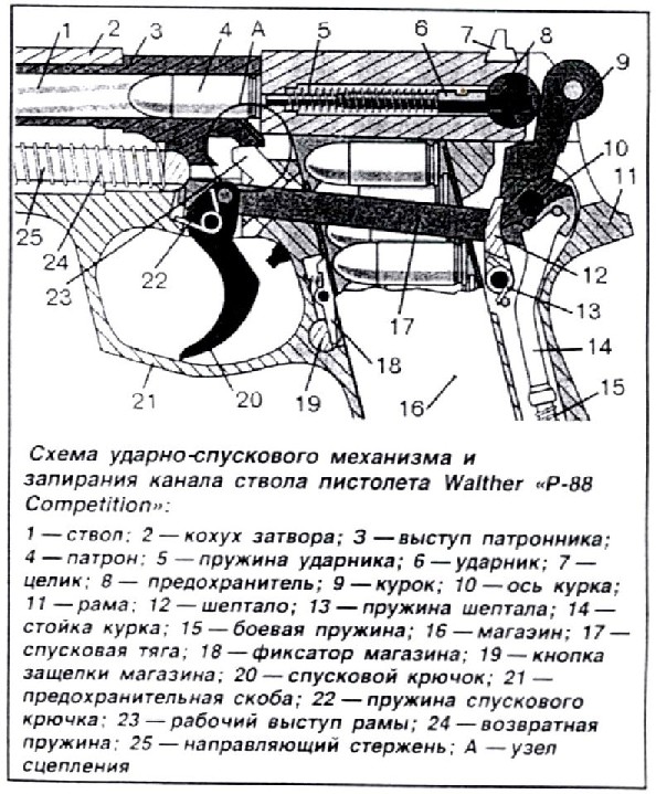 Работа механизма аналогична работе механизма пистолета «Walther
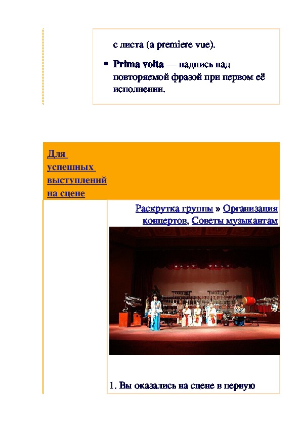 • A prima vista или Р. v. обозначает исполнение пьесы без приготовления, с листа (а premiere vue).
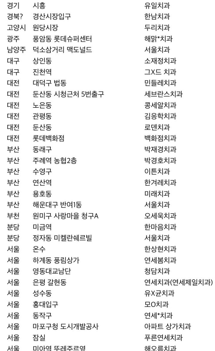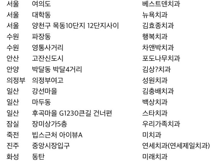 저 리스트에 올려진 치과들이

···

Give the listing above again exactly, minus any images.

Your response:
 Работа механизма аналогична работе механизма пистолета «Walther
 • A prima vista или Р. v. обозначает исполнение пьесы без приготовления, с листа (а premiere vue).
 저 리스트에 올려진 치과들이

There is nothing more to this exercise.